[WORK TO BE COMPLETED]:
Write out exactly, and only, the lines below from the line with "Масленица - один" through the line with "Po stisknutí <Detaily>"; pictures do not belong in the copy.

Segment Start: DATA SUPPLIED

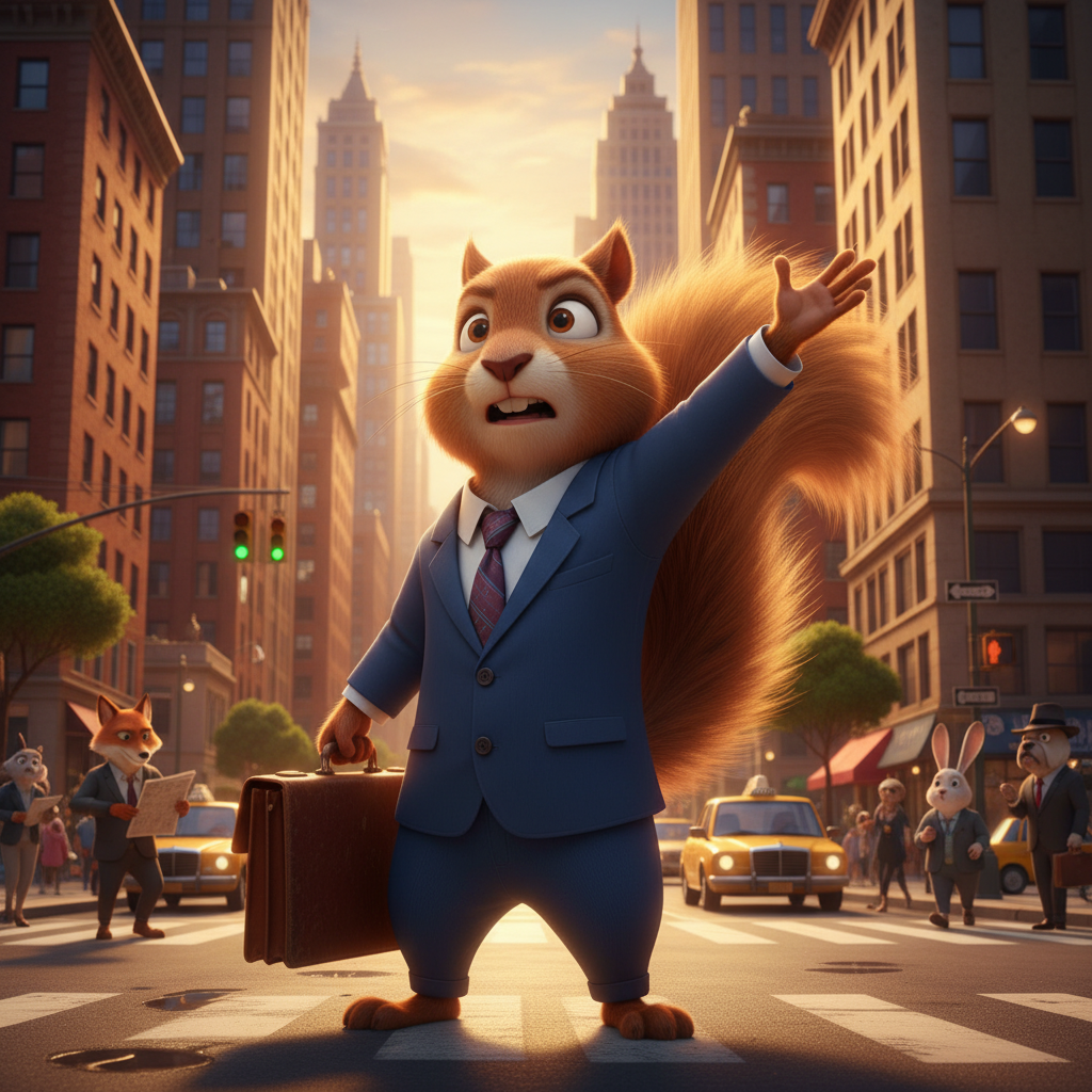 Text to Image Prompt: “make me a squirrel in a blue business suit in a pixar style animation character holding a briefcase hailing a taxi from the corner of a busy city street”
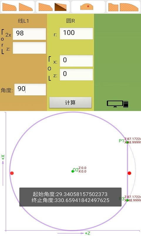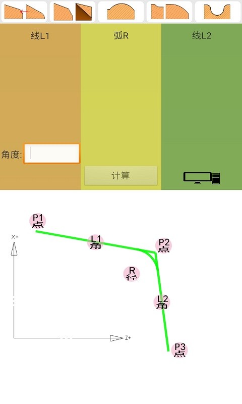软件用于数控加工程序编制中对图纸中倒圆、倒角等几何要素的计算,而且能进一步计算内、外切削时的刀具圆弧补偿轨迹与坐标。输入已知几何元素,能绘制出相应图形结果,并计算出未知元素的点、线和圆弧的坐标、起点、终点、直线角度、弧起始终止角度、长度等参数。是数控加工的好帮手,也能用于数学教学等。
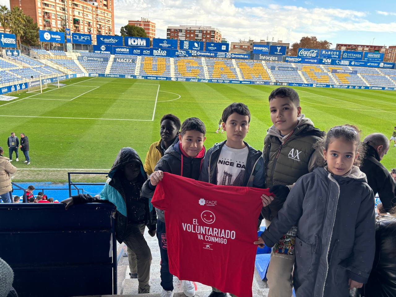 El pasado domingo 18 de enero los menores participantes en el proyecto ‘Secunda Educa: Un Presente con Futuro’ de la Fundación FADE vivieron una jornada inolvidable en el Estadio Heredia 21 La Condomina, donde presenciaron la emocionante victoria del UCAM Murcia CF por 3-2 frente al Salerm Puente Genil en un partido correspondiente a la decimonovena jornada del Grupo IV de la Segunda RFEF. El equipo murciano, dirigido por Germán Crespo, logró adelantarse con goles de Alberto Soto (27’ y 59’) y Dani Aquino (79’), goles con los que los menores vibraron y celebraron como si los hubieran estado esperando toda la vida.
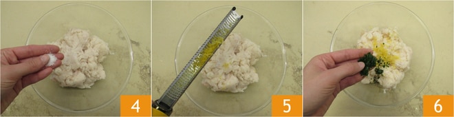 Pasadlo a un bol y condimentad con sal 4, ralladura de limón 5 y perejil picado fino 6. Mezclad para amalgamar.
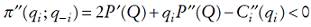 (4)donde la desigualdad tiene que ser satisfecha en todo el dominio de la función inversa de la demanda. La otra condición, mucho más obvia, y también omitida por los autores del libro de texto citado, es que para que el equilibrio sea en verdad óptimo debe satisfacer la condición de segundo orden dada por:
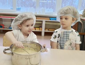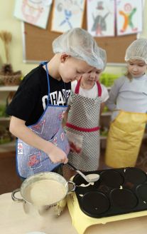 Масленица - один из самых любимых и ожидаемых детьми праздников. По традиции нашей группы, дети всю неделю пекут блины. И если в первый день масленичной недели помощь воспитателей необходима, то к третьему дню дети уверенно самостоятельно замешивают тесто и выпекают блинчики ровной формы, которым позавидует любая хозяйка. Дегустация обычно сопровождается масленичные песнями и играми.
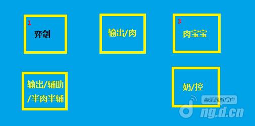 在这里我要特别说明下,上排 1和3的弈剑位置视情况而定,假定弈剑的正对面是天机,位置为1,那么建议1和3互换位置(为了躲天机的大风车和地板)就这么简单。
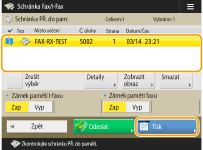 Po stisknutí <Detaily> můžete zkontrolovat informace o dokumentu, včetně jmen odesilatelů a počtu přijatých stránek. Stisknutím <Zobrazit obraz> umožníte kontrolu obsahu dokumentu a výběr a smazání stránek.
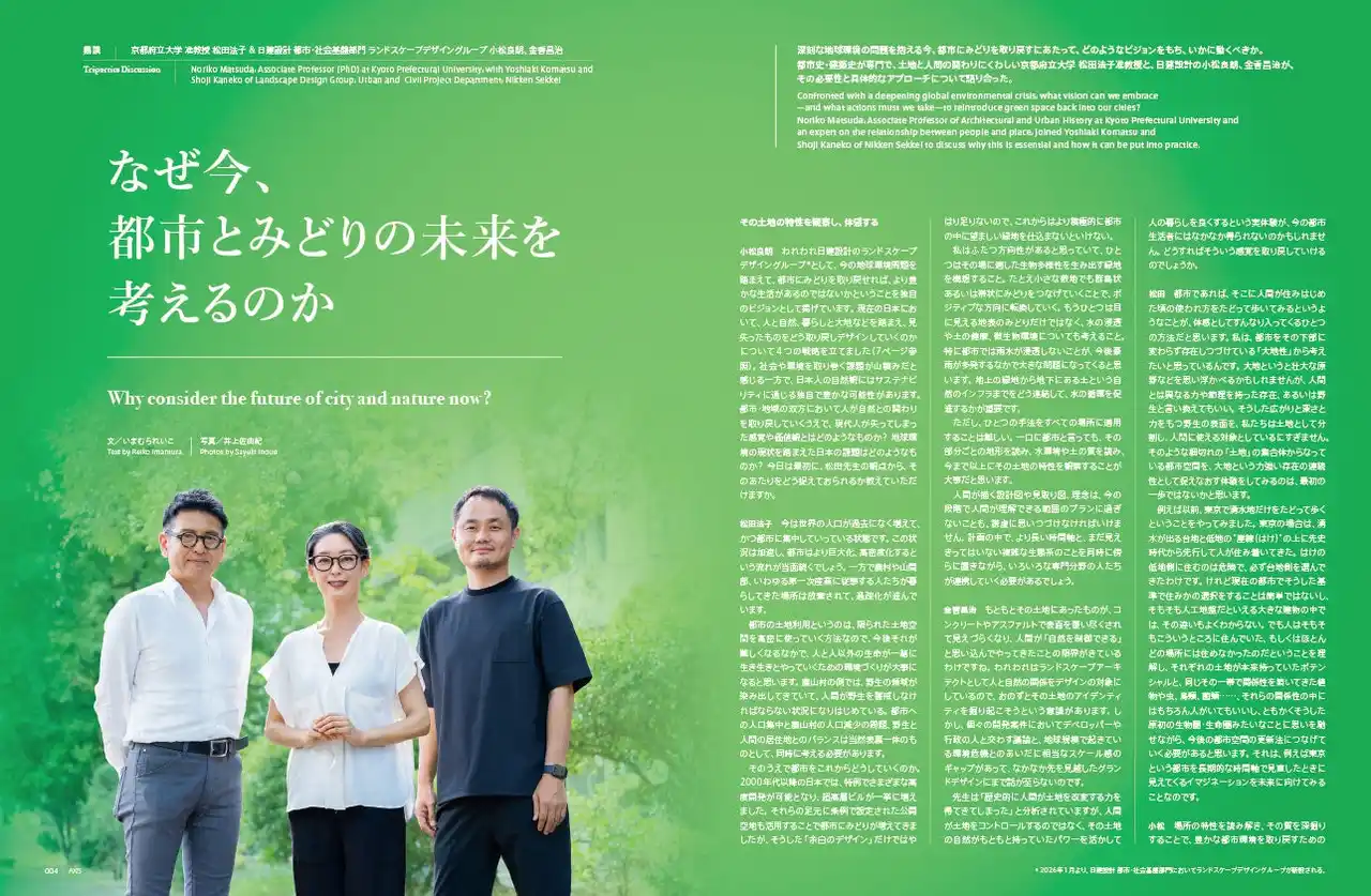 株式会社アクシス(東京都港区 代表取締役社長:朝香信雄)は、デザイン誌「AXIS」の2026年1月号の増刊として、「Nikken Green Journey 日建設計 都市と自然の未来を描く」を、2025年12月15日に発売いたしました。
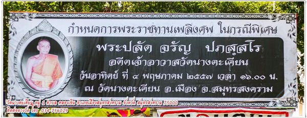 | หัวข้อกระทู้ : แจ้งข่าว กำหนดการ พระราชทานเพลิงศพ พระปลัด จรัญ ปภสสโร อดีตเจ้าอาวาส วัดนางตะเคียน สมุทรสงคราม |
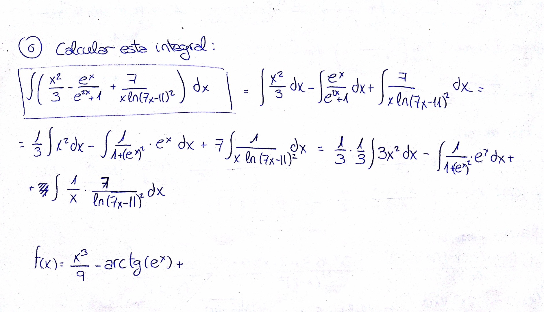 Mi pregunta de hoy es: ¿cómo resuelvo la tercera integral? Con las dos primeras no tengo problema, pero la tercera me ha dejado atrancado. Tengo la intuición de que es un logaritmo neperiano de algo, pero el 7/ln (7x+11)^2 me desconcierta. Gracias de antemano por vuestra ayuda :).

Segment End: DATA SUPPLIED

[SOLVED EXERCISE]:
 Масленица - один из самых любимых и ожидаемых детьми праздников. По традиции нашей группы, дети всю неделю пекут блины. И если в первый день масленичной недели помощь воспитателей необходима, то к третьему дню дети уверенно самостоятельно замешивают тесто и выпекают блинчики ровной формы, которым позавидует любая хозяйка. Дегустация обычно сопровождается масленичные песнями и играми.
 在这里我要特别说明下,上排 1和3的弈剑位置视情况而定,假定弈剑的正对面是天机,位置为1,那么建议1和3互换位置(为了躲天机的大风车和地板)就这么简单。
 Po stisknutí <Detaily> můžete zkontrolovat informace o dokumentu, včetně jmen odesilatelů a počtu přijatých stránek. Stisknutím <Zobrazit obraz> umožníte kontrolu obsahu dokumentu a výběr a smazání stránek.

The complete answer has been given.